ArielWiley

The Rise of the Interns

In the last few months, interns from across the entertainment industry have banded together taking a stand against the companies that employed them. The intern revolution started with a lawsuit against Fox Entertainment Group and has continued with companies such as MSNBC, Conde Nast, Gawker, Warner Music, and many others. Ever since a set of interns who worked on the Black Swan filed suit and won their case against Fox Searchlight, the phones of Hollywood attorneys have been ringing non-stop. Every intern working the entertainment circuit seems to be chomping at the bit to have their day in court.

As a law student and a long time intern, I feel a little out of the loop that no one told me us interns were starting our own union. Even though in entertainment my job entails a little more legal and a little less grunt work, I feel like this just about every day. 

Entertainment is incredibly hard. Whether you’re looking at becoming an actor, an agent, or an entertainment lawyer, it comes down to who you know and how you use those connections to your benefit. As someone with many friends and family members in the entertainment field, I have learned that you have to do whatever you can within your legal and moral boundaries to throw your foot in the door before it shuts in your face.

Ever since the rise of the interns, entertainment companies have been contacting their attorneys left and right, trying to find out if hiring the local undergraduate to read scripts and pour coffee for college credit could result in a five million dollar lawsuit. This begs the question, are entertainment interns still worth the risk?

I think it is entirely wrong to find someone to do work for free in an effort to avoid paying for another employee. If the work is complicated enough, a student without a degree or the requisite experience should not be doing the work in the first place. However, entertainment is about knowing people and having experience. You can’t get experience without working in the field. You can’t get a job in the field without experience, or knowing someone. Unless you know someone already, you can’t make contacts without getting your foot in the door. So the question becomes how does a student with minimal experience and no contacts in the field get their foot in the entertainment door?

Do you see where I am going with this?

They do an internship. They place themselves on that coveted bottom rung of the ladder with the hopes that they will deliver mail, bring a cup of coffee, or copy a document for someone important. They push their script, headshot, or personality on just about anyone within a 10-mile radius of that studio, and they keep doing it until someone takes notice of them.

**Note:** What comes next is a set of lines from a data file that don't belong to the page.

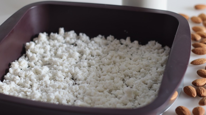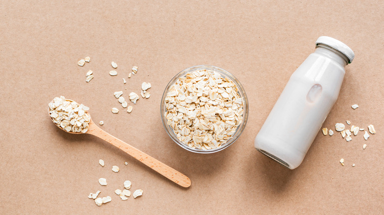 Even with a modest blender, you can churn out milk from raw, unsalted, and unroasted nut butter using a simple ratio of two tablespoons per one-and-a-half cups of water. If the dangers of breaking open a coconut are what's been stopping you from making coconut milk, try shredded, unsweetened coconut flakes instead; no soaking required. Or, if you're looking for easy slime-free oat milk, reach for oat flour or a blend of oat and nut flours, ready in a blink.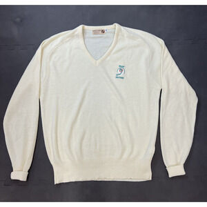 Vintage LOGO 7 Miami Dolphins Logo Ivory Acrylic Sweater Size XL NFL Football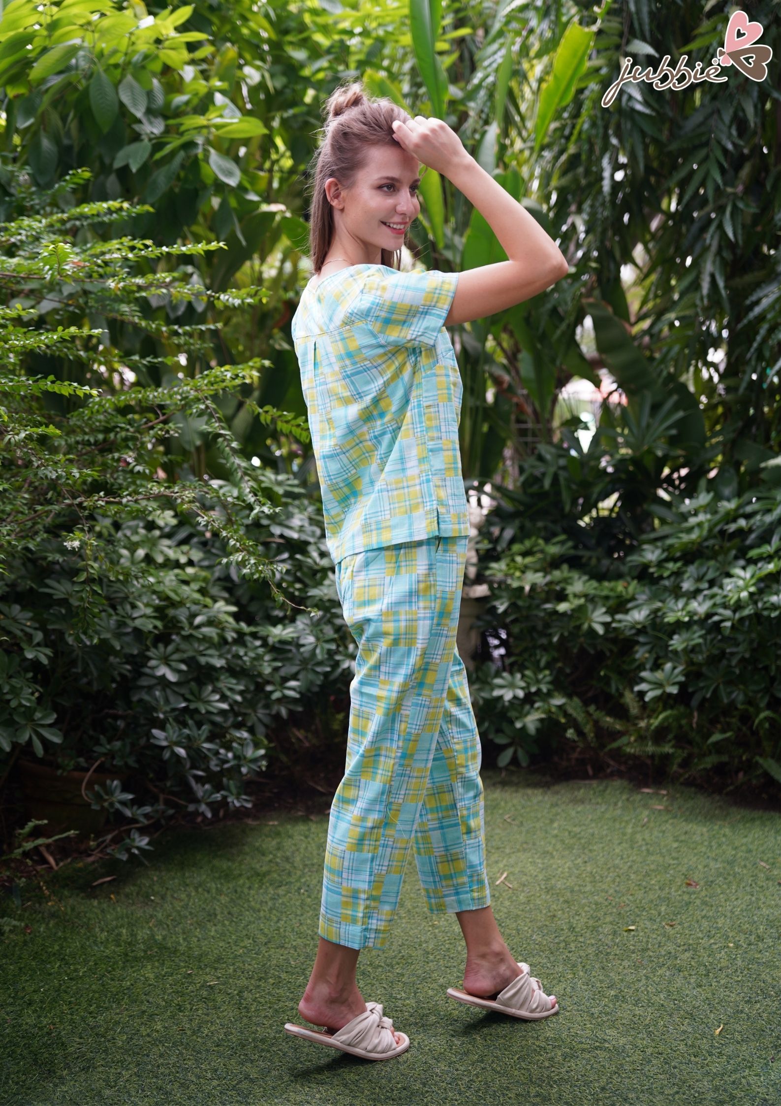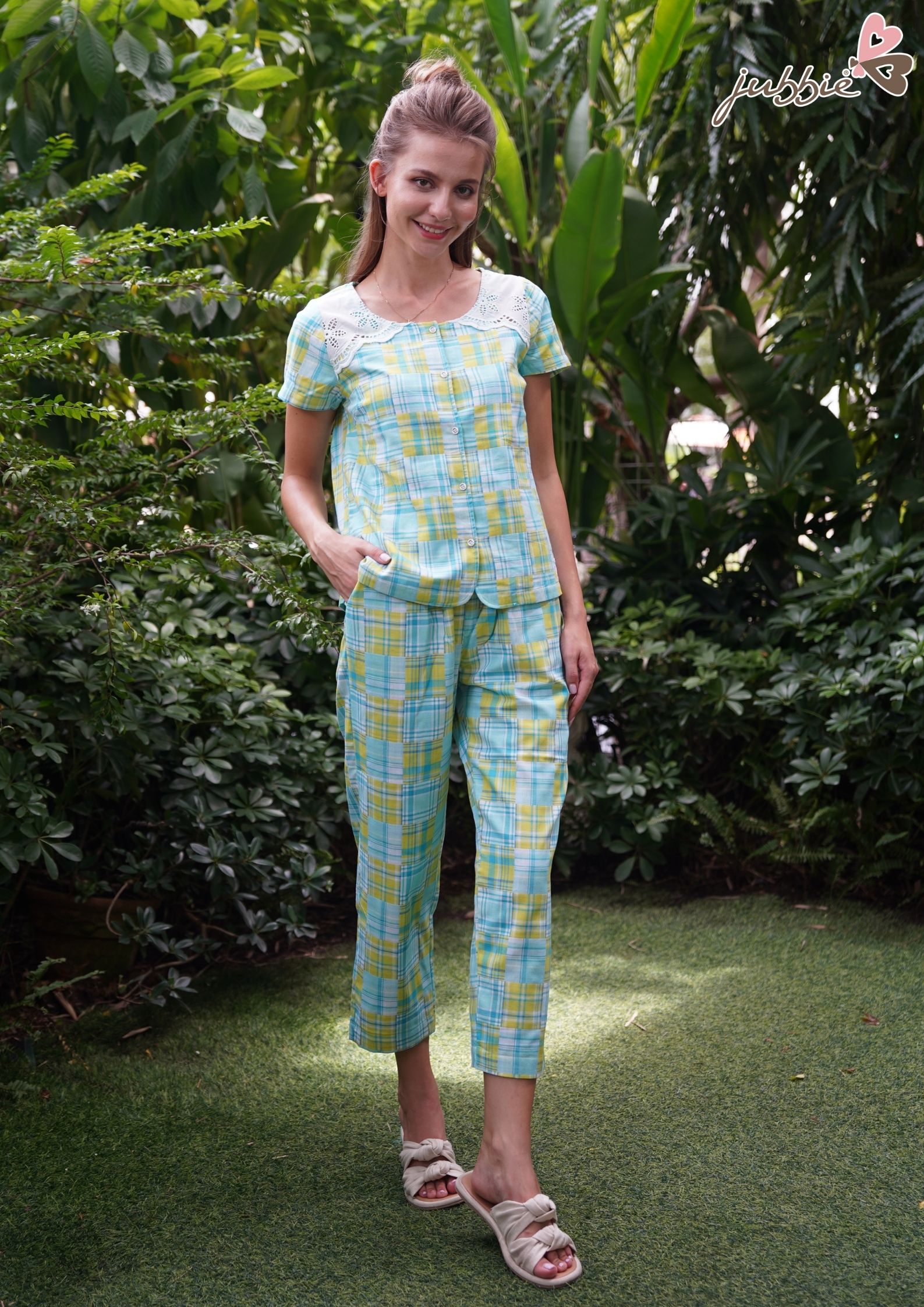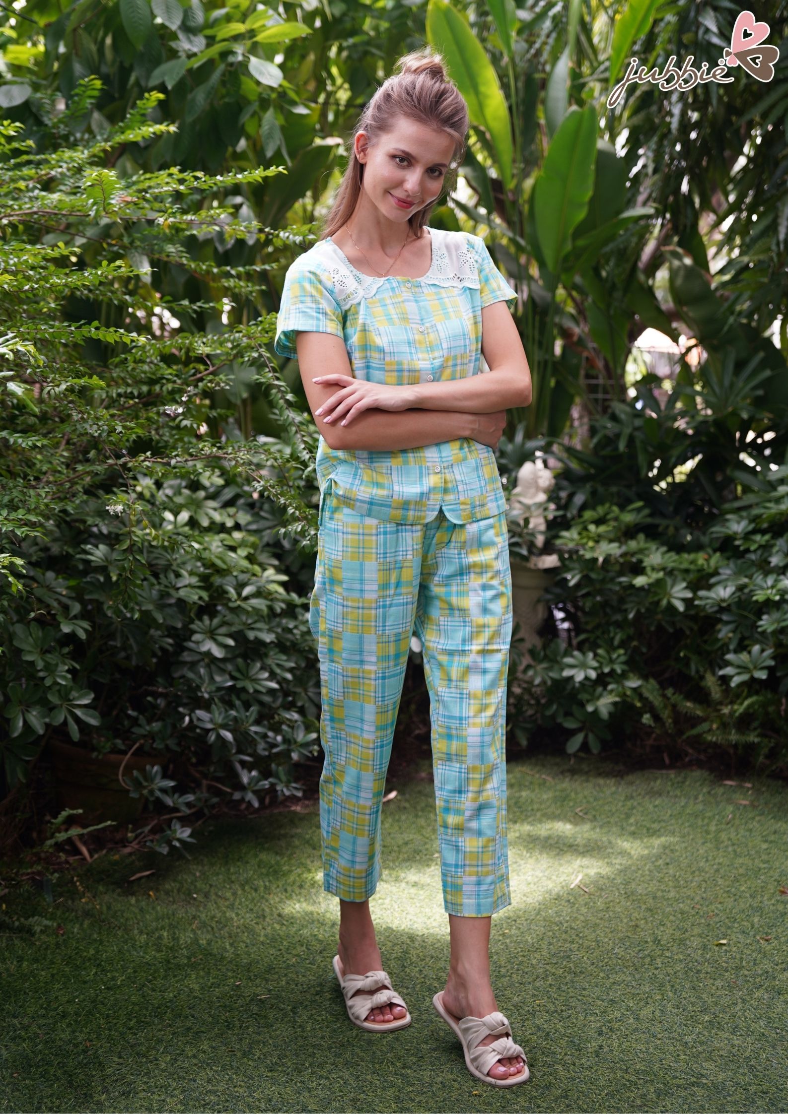 Nền vài in ô vuông caro xanh độc đáo, tone màu xanh nổi bật

While interns should not be taken advantage of, one of the repercussions of these lawsuits is that companies are starting to become terrified to hire interns. CEOs, producers, and general counsel don’t seem interested in taking a risk on the plucky young adult who came to the big city with nothing but a headshot and a dream. These lawsuits are not causing companies to reconsider their budgets to include more paid internships. Instead, less internships are being offered, and those that are offered are going to people who the companies feel like they can trust. In other words, people who have connections. This creates fewer opportunities for those who are trying to break into the business.

But, is that the point of companies taking these measures?

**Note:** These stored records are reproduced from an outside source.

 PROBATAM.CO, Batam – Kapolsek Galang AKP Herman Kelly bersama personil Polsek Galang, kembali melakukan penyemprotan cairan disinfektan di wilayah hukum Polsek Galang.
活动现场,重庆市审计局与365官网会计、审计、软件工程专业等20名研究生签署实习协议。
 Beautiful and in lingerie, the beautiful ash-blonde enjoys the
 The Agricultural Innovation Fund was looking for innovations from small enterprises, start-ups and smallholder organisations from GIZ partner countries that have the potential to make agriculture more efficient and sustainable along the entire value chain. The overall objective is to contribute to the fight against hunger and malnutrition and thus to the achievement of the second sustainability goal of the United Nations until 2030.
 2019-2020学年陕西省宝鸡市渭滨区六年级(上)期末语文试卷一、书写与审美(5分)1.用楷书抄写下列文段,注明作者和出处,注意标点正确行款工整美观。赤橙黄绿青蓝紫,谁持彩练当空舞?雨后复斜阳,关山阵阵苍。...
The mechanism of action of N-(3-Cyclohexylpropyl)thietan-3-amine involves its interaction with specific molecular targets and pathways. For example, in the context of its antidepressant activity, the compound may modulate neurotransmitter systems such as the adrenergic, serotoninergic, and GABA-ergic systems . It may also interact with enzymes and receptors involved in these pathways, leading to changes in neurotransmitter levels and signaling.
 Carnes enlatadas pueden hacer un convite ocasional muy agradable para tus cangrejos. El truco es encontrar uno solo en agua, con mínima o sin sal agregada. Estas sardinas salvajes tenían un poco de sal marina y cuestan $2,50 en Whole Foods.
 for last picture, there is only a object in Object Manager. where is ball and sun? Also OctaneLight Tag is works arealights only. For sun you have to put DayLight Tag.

Many of the complaints being filed by interns certainly have merit. With the amount of money a studio will throw at an actor or a musical artist, it does seem unreasonable that they cannot spring for $7.25 an hour for the undergrad or law student furiously retyping documents with the hopes that their script or resume will get a glance.

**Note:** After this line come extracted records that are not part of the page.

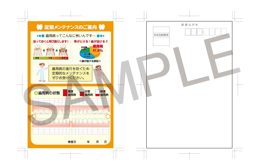 患者さんのリコール用のハガキです。内容は歯周病のみ、患者さんの歯の状態を詳しく掲載することができます。プライバシー保護シール付きのため一般的なハガキと比較しても高い閲覧率を望めます。こちらの商品はオレンジとなります。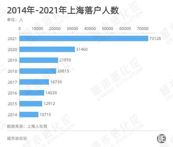2021年,上海落户人数直接在2020年31460人的基础上翻番,总数高达73128人。其中,通过人才引进落户的数量,更是较2020年激增171%,约为2017年至2020年几年人数的总和。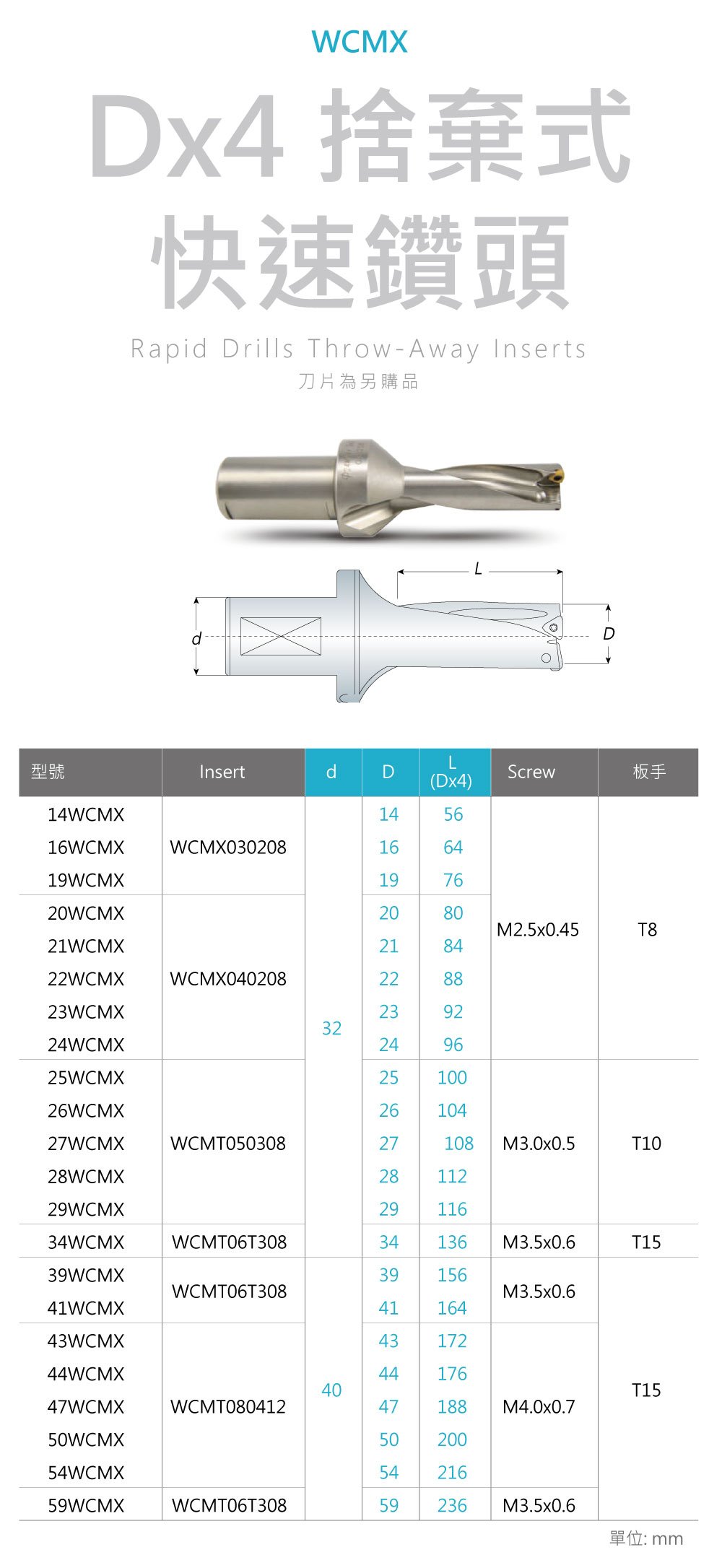 WCMX Dx4捨棄式快速鑽頭|WCMX|Dx4|鑽頭

I have found that while getting paid would be fantastic, the most important thing is learning about the field and finding that person who will extend their hand to help me up along my legal career. That way on my next interview when I’m asked what do I know about contracts I can say more than “contracts require an offer and acceptance.”

So, I have to ask, who are these lawsuits helping and who are they hurting? In the long run is it the interns or the companies that will be coming out on top? And, if the goal of these lawsuits is to change how the entertainment industry is run, is there another legal way we could use that could create better results? Should we be looking to the legislature for a change in employment practices, or are we making better progress by analyzing this issue on a case-by-case basis?